Not seeing that chrono can get down to integer either. Which is also a bit surprising.
https://godbolt.org/z/M2G73J
Nope -- forgot the -O flags. This is more realistic and chrono can get down to an instruction that way. Pretty sure what you're seeing is the infinities. These numbers look like the smallest and largest int values available -- which it goes onto compare.
cmp_duration(boost::date_time::subsecond_duration<boost::posix_time::time_duration, 1000l>, boost::date_time::subsecond_duration<boost::posix_time::time_duration, 1000l>): movabs rax, -9223372036854775808 movabs rsi, 9223372036854775806
https://godbolt.org/z/acxIa8
The only real question is why you're not getting that on ptime. That might be a bug....
I wouldn't expect it to be as fast as integer comparisons due to the special type handling. There may also be cases where 64-bit values are insufficient, given internally the library uses nanoseconds in places.
I agree -- what I'm seeing in the assembly makes perfect sense given the special value handling -- and as mentioned I question the speed of ptime.
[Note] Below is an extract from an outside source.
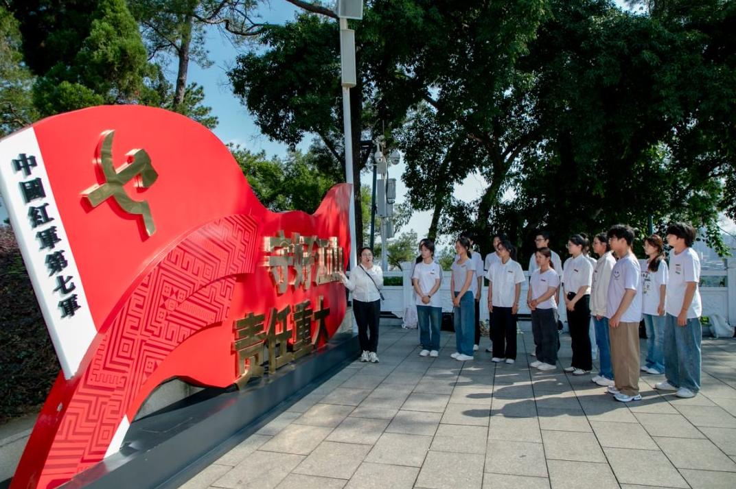 赴百色开展活动的师生,来到百色起义烈士纪念碑前,为革命先烈敬献花篮,瞻仰纪念碑,缅怀革命先烈,表达崇高的敬意和深切的哀思。随后组织开展红色党建活动,重温长征路上的重大事件,铭记历史,笃定前行。师生们参观了百色起义纪念馆,聆听讲解员对现场文物、照片、史料的介绍,深刻了解革命历史事件背景、过程和英雄人物的事迹,深刻感受革命先烈们不畏艰险、敢于牺牲的革命精神。活动过程中,党员同志交流心得体会,师生沟通互动,分享红色学习的意义。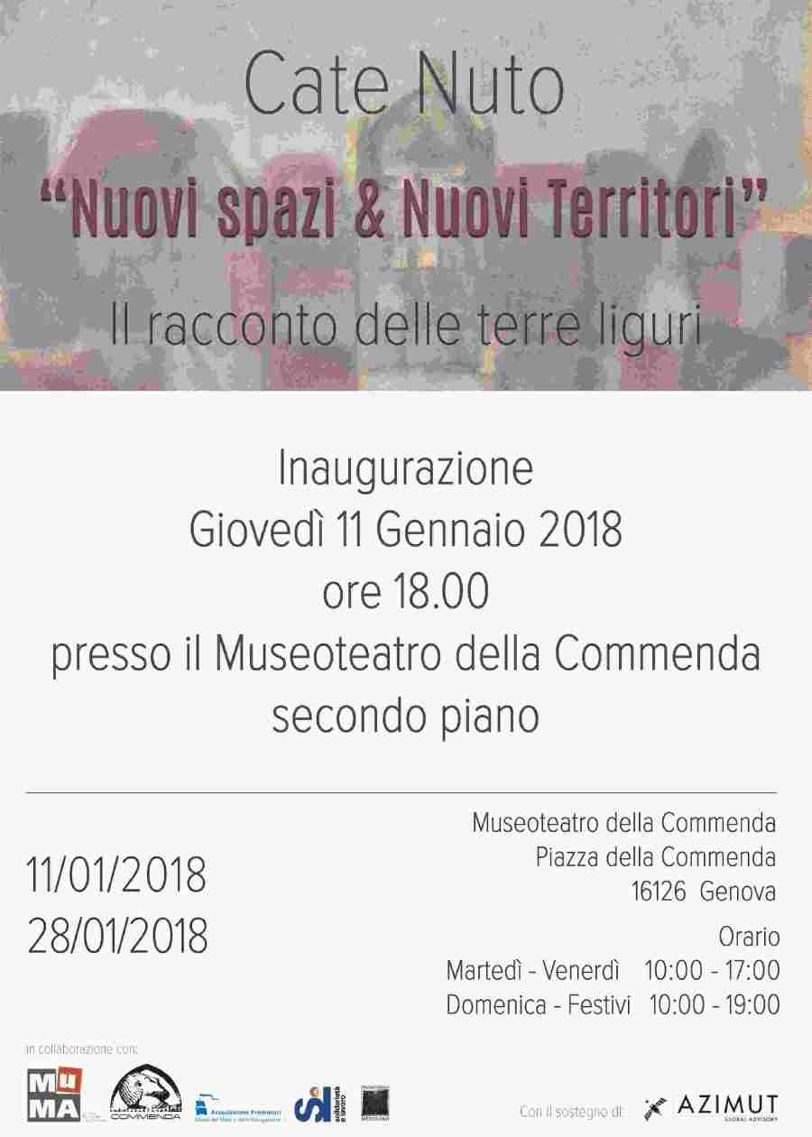 Giovedì 11 gennaio 2018 alle ore 18.00, inaugurazione della mostra personale della pittrice Cate Nuto “Spazi nuovi & Nuovi Territori” un racconto della terra ligure con immagini e colori. Quindici opere, tra carte acriliche e tele di juta dalle tinte vivaci e profumate, sui nuovi spazi della città di Genova in ambienti fantastici e suggestivi. Cate Nuto è genovese, artista e docente di filosofia, unisce due passioni le arti visive e l'estetica, a lunga ricerca pittorica. Esposizione con il sostegno di Azimut, in collaborazione con Mu.MA, Associazione Promotori Musei del Mare e della Navigazione e Cooperativa Solidarietà e Lavoro. Ingresso libero fino ad esaurimento posti all’inaugurazione, visitabile fino a domenica 28 gennaio 2018

Of course if you're a truly ambitious user you recreate the duration types with a non-adapted number value -- no real instructions on how to do that unfortunately.
I think the real answer here is to start moving towards supporting inter operation with std::chrono duration types as part of a broader strategy to support users in converting to std::chrono in c++20. Seems to me we can pretty trivially support things like:
ptime t(...); t+= std::milliseconds(10);
Maybe even time_duration could be explicitly constructable from chrono::duration<U, T> -- will have to think about it more.